7.6. OpenCL kernel caching

OpenCL kernels are cached in memory and on hard disk on multiple levels during a MIRGE-Com execution. This has the advantage of reducing the compilation time of kernels when running the same driver multiple times.

The following sections discuss MIRGE-Com-related packages that use caching, with a focus on configuring the disk-based caching.

Note

The following bash code can be used to remove all disk caches used by MIRGE-Com on Linux and MacOS:

$ rm -rf $XDG_CACHE_HOME/pytools/pdict* ~/.cache/pytools/pdict* ~/Library/Caches/pytools/pdict*  $XDG_CACHE_HOME/pyopencl ~/.cache/pyopencl  ~/Library/Caches/pyopencl $POCL_CACHE_DIR $XDG_CACHE_HOME/pocl ~/.cache/pocl ~/.nv/ComputeCache $CUDA_CACHE_PATH

Note

The following bash code can be used to disable all disk caches:

$ export LOOPY_NO_CACHE=1
$ export PYOPENCL_NO_CACHE=1
$ export POCL_KERNEL_CACHE=0
$ export CUDA_CACHE_DISABLE=1

Note

Disabling disk caching for a specific package only affects that particular package.
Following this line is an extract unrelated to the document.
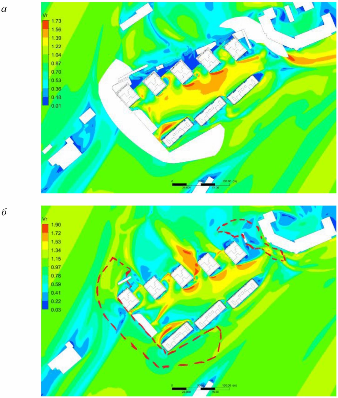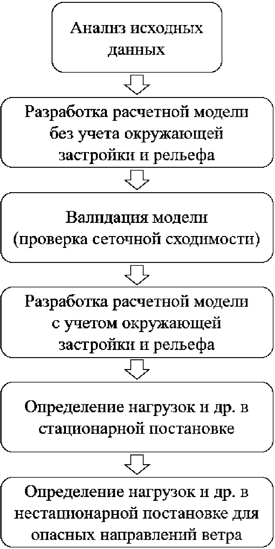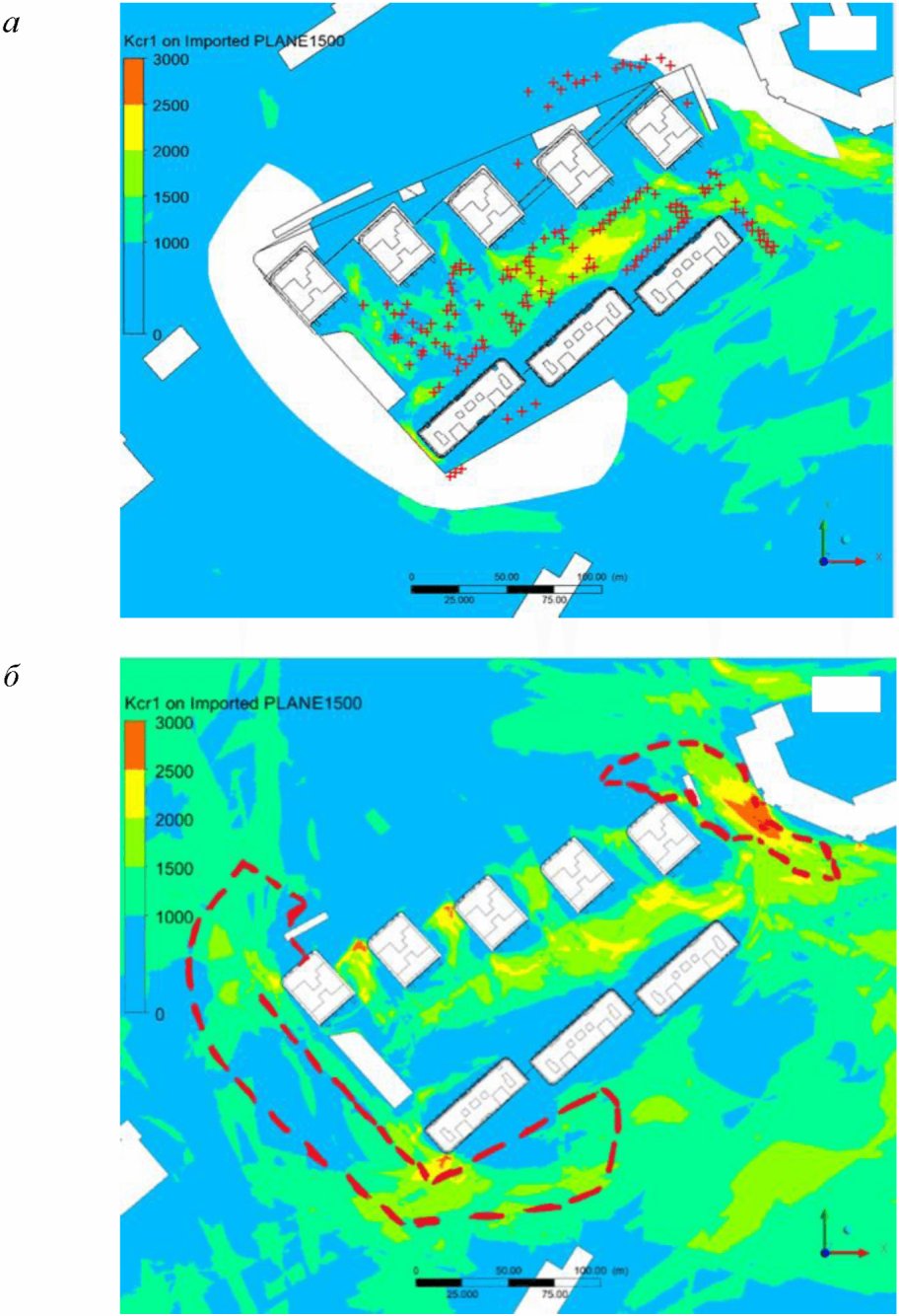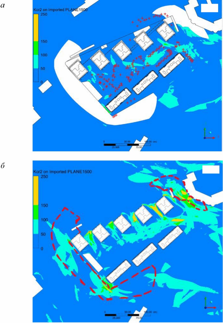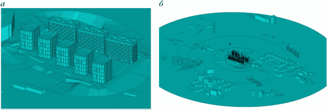 2) математического (численного) моделирования ветровой аэродинамики на основе численных схем решения трехмерных уравнений движения жидкости и газа с адекватными моделями турбулентности, реализованных в современных верифицированных лицензионных программных комплексах вычислительной гидрогазодинамики.

For example, disabling disk caching for loopy does not affect the caching behavior of pyopencl or PoCL.

7.6.1. Loopy

loopy stores the source of generated PyOpenCL kernels and their invokers in $XDG_CACHE_HOME/pytools/pdict-*-loopy by default. You can export LOOPY_NO_CACHE=1 to disable caching. See here for details.

Note

loopy uses pytools.persistent_dict.PersistentDict for caching. PersistentDict also keeps an in-memory cache.

Note

When $XDG_CACHE_HOME is not set, the cache dir defaults to ~/.cache on Linux and ~/Library/Caches/ on MacOS.

7.6.2. PyOpenCL

pyopencl caches in $XDG_CACHE_HOME/pyopencl (kernel source code and binaries returned by the OpenCL runtime) and $XDG_CACHE_HOME/pytools/pdict-*-pyopencl (invokers, generated source code) by default. You can export PYOPENCL_NO_CACHE=1 to disable caching. See here for details.

Note

PyOpenCL does not cache kernel binaries in memory by default. To keep the compiled version of a kernel in memory, simply retain the pyopencl.Program or pyopencl.Kernel objects. Loopy’s loopy.LoopKernel already holds handles to compiled pyopencl.Kernel objects.

Note

PyOpenCL uses clCreateProgramWithSource on the first compilation and caches the OpenCL binary it retrieves. The second time the same source is compiled, it uses clCreateProgramWithBinary to hand the binary to the CL runtime (such as PoCL). This can lead to different caching behaviors on the first three compilations depending on how the CL runtime itself performs caching.

7.6.3. PoCL

PoCL stores compilation results (LLVM bitcode and shared libraries) in $POCL_CACHE_DIR or $XDG_CACHE_HOME/pocl by default. You can export POCL_KERNEL_CACHE=0 to disable caching. See here for details.

Note

When $POCL_CACHE_DIR and $XDG_CACHE_HOME are not set, PoCL’s cache dir defaults to ~/.cache/pocl on Linux and MacOS.

7.6.4. CUDA

CUDA stores binary kernels in ~/.nv/ComputeCache (on Linux only, we do not support CUDA devices on MacOS) by default. You can export CUDA_CACHE_DISABLE=1 to disable caching, and select a different cache directory with CUDA_CACHE_PATH. See here for details.

Warning

The CUDA JIT cache is disabled by default on Lassen, i.e., CUDA_CACHE_DISABLE=1 is set by default. Source: email by J. Gyllenhaal on 03/12/2020.